For those interested a deeper understanding of President Nixon’s strategy, I suggest listening to the tape of a meeting the President held with Jewish leaders on April 19, 1973.  He spent more than an hour briefing the group on the approach the Administration was taking to remove barriers to emigration by Soviet Jews.  The President and Dr. Kissinger lay out with clarity, conviction, and candor the reasons for their approach.  It makes for fascinating listening (once one gets past the annoying “beep” at the start of the tape).

Shortly after the start of this meeting, the President plainly states the choice the United States faces in addressing this issue.  He tells these leaders that they have to decide, “whether or not you want the President of the United States to have some influence, maybe not enough, [with the Soviet leaders] or none.”  Nixon knew that if he, as president, began making a public issue of the plight of the Soviet Jews, the Soviets would likely shut down.

Some of those in attendance pushed back – respectfully but firmly – urging the President to speak out publicly against the Soviet treatment of the Jews living in the USSR and to publicly endorse Senator Henry Jackson’s efforts to legislate a solution.  The President listened carefully and empathetically.  He responded, with passion and vision.  He explained his conviction that his approach was not only the best way to relieve the plight of Soviet Jewry, but was also crucial to the success of his overriding goal: peace.  He would not risk the overall success of America’s policy toward the USSR by throwing down the gantlet in public on Soviet Jewry or any other single issue.

In the years that followed, the Soviet Union began to collapse under the weight of its own failures – and the inherent failure of its system.  Nixon’s successors would – and could – then publicly link American policy to the plight of Soviet Jews.  This would not have been possible, however, had President Nixon not put the issue on the bi-lateral agenda in the first place in his private discussion with Soviet leaders.

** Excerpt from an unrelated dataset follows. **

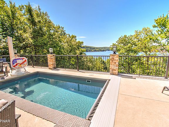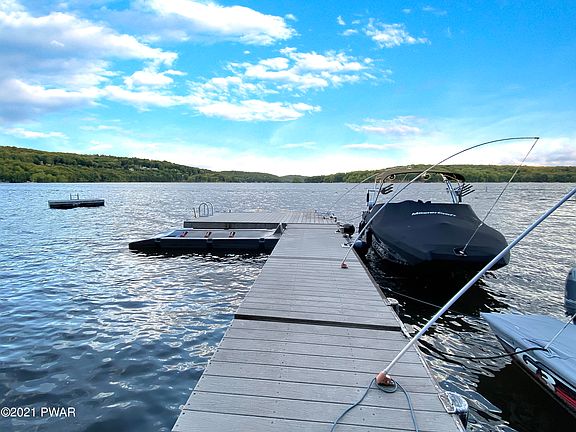 Lake Wallenpaupack custom built 4 bedroom, 3.5 bath smart home, set on a private 1 acre w/over 3,500 sf of living space & an outdoor oasis. This luxurious home features cathedral ceilings in the open concept living area, a stone FP, gourmet kitchen w/quartz & Sub Zero/Thermador appliances. The master suite is located on first w/a marble shower, soaking clawfoot tub & spacious walk-in closet. Retreat to the 2nd floor loft & take in the gorgeous views. Entertain in the lower-level walk-out rec room. The outdoor area features a covered porch, two-tiered Trex deck w/breathtaking views, a pool, patio w/firepit & TV area. Take the path to the boat & swim docks. Large yard, paved driveway, 2.5 car garage, radiant heat & central AC, generator, unfinished bonus room plumbed for bath above garage.

This meeting shows Nixon at his best.  I urge anyone interested in this issue to listen to this tape.  It shows, with far greater accuracy than brief, out of context, excerpts ever can, what made RN the visionary, formidable leader he was.  Someday, the Nixon tapes will be taken in their entirety, and the judgment of history will have to take account of meetings such as this.  For many of us, that day cannot come soon enough.

Bob Bostock, a senior adviser to former New Jersey Governor and EPA Director Christie Todd Whitman, served as an editorial assistant on two of President Nixon’s best-selling books and also wrote much of the exhibit text for the Richard Nixon Presidential Library.

Photo: RN signs the first Strategic Arms Limitation Treaty (SALT I) with Soviet Premier Leonid Brezhnev. It was because of President Nixon’s approach of détente that Soviet Jewry, in increasing numbers, were permitted to leave the Communist country in the tens of thousands.